Just very quickly:
Re: Barry: You say you feel like you are "underwhelmed" and that this might be because "Abbado follows dynamic markings TOO literally." This nicely points to the underlying issue: Earlier you guys said the conductor isn't very important, the work is; but then you look for the excitement from the conductor's intervention (and the orchestra's) in the realization of the score. You want your music to feel thrilling and that is the main quality you judge a performance by. But you don't trust the music enough to leave it alone to do its job; it needs to be in the interpretation, it seems, that thing that gets you to feel like something virile and big is enveloping you and having you along on a thrill ride. This is why people like Abbado don't appeal to you; his way of working with the orchestras does the most to eradicate all audible evidence of conductorial interference, letting the music itself speak freely and openly through the collective effort of multiple musicians acting in consort as peers. He certainly is no Szell nor an Ancerl and even less a Reiner or a Karajan or a Bernstein. For the performance to be successful in this approach, that organ really doesn't have to shatter the windows nor that bass drum stroke fracture the concrete foundation of the building across the street. Insteade, the key criteria become transparency, joy or spontaneity of music-making (not in the sense of not rehearsing like Davey H seems to suggest), and balances. The rest comes, after that much is there.

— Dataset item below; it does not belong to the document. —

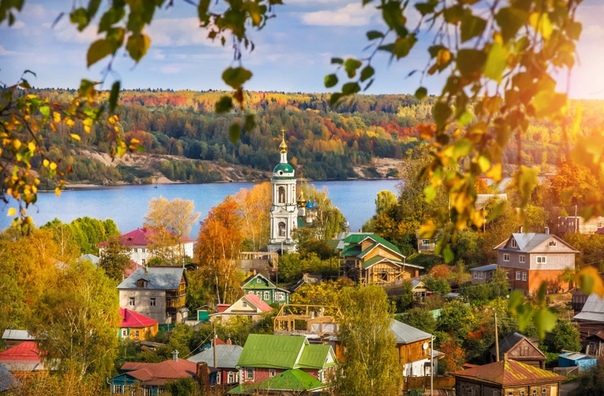Плес напоминает загородный дворянский салон: все вокруг изящно и благородно, а за чаем встречаются сплошные поэты и художники. Творческие люди ценят Плес еще со времен Левитана, так что тут запредельная концентрация музеев и картинных галерей, а еще милых сувенирных магазинчиков. Деревянные дома с резными наличниками и купола церквей — тоже как с картинки. Но главная декорация — природа. Городок стоит на холмах над Волгой и как лоскутным одеялом укрыт зеленью берез и яблонь — хоть сам бери кисти и краски и пиши второй «Вечер. Золотой Плес».

Where this kind of listening comes from that you and Davey H seem to practice, I'm not sure, but I think part of it has to do with the tradition of weekend entertainment as diversion. You really want to be transported somewhere else from this reality. Yet I think there are other ways of listening that find their interest points slightly elsewhere and don't really strive for that sort of "excitement" from the "event" but something else that, in my view, does greater justice to the composer's work than what's been the case till now, allowing a much more personal and direct relationship with it and letting it speak more freely on a greater variety of topics to you.

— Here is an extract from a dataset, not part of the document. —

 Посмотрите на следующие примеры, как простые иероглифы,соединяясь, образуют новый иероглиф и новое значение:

Or so I'd say! But this way of listening I think you're talking about might just also be about the fascination all boys (and I don't mean to imply anything about you; I speak from personal experience) share in creating a competion out of everything, putting everyone against everyone else, seeing who's lame and who's not, who's boring, who's the black horse, who's giving whom a run for their money, who's left in the mud and who comes out on the top in the end; and then creating a ranking list out of it all. That's just so much easier to do, too, if you have a concrete check list to follow and simple numericals to assign (for the biggest organ; the loudest thump; the fiercest tutti; the fastest scherzo-- things you could even measure with a machine if need be).
And then
The Rest:I think most subsequent conductors have had the same problem to greater or lesser degree, and this is particularly true of "micro-managers" like Rattle and (especially) Abbado, who like to fuss with tiny details, often at the expense of the big picture.
Sorry, what are you saying? That these two particular conductors (who just happen to be the last two music directors of the Berlin Philharmonic putting an end to Karajan's legacy
) don't adequately prepare for their concerts? Hmmmmmm.... Examples, please.
And again those cliches you like to circulate, beginning with that "fussing with detail/too many details" thing? I'm afraid it's becoming a bit transparent even if you didn't quite realize it yet.
Lastly, while you are at it, could you please point out a few instances where Abbado (I prefer not to talk about Rattle yet) loses "the big picture"? Thanks. And while you are it #2, also where Abbado so very disingenuously at length deviates from the score, as you claimed before (asking me just take you by your word). I've spent some time looking into this but haven't been able to find a thing, so please help.
That is, if you can, of course; for I have this doubt in my mind that you are just using your usual strategy of making vague unsubstantiated allusions to somehow try and cast doubt on people, as you do again right after this in the last citation below. And preferably these should be cases where it's not about taking your word versus the rest of the world once again.
I don't think anyone needs to be reminded that one of the reasons behind Abbado's reputation is precisely his outstanding ability to clarify the architectural plan of whatever it is that he is conducting.
It's not that Berlin or these conductors play Mahler badly
But thank you! So they do have business conducting Mahler, after all, then, and are allowed to be recorded, too, from time to time? That's seems to be the opinion of the rest of the world, too, if that matters.
when directly compared, and one's personal feelings will necessarily be conditioned by one's experience of those other performanances. If you haven't heard them, or don't want to, you may be perfectly happy with what you have.
Oh, so you want me to tell how many recordings I owe -- again -- is that it? So we can compare? But if that's so, this time you do it first, please, so you won't run away like last time after you asked me to do it it first. We got ourselves a deal?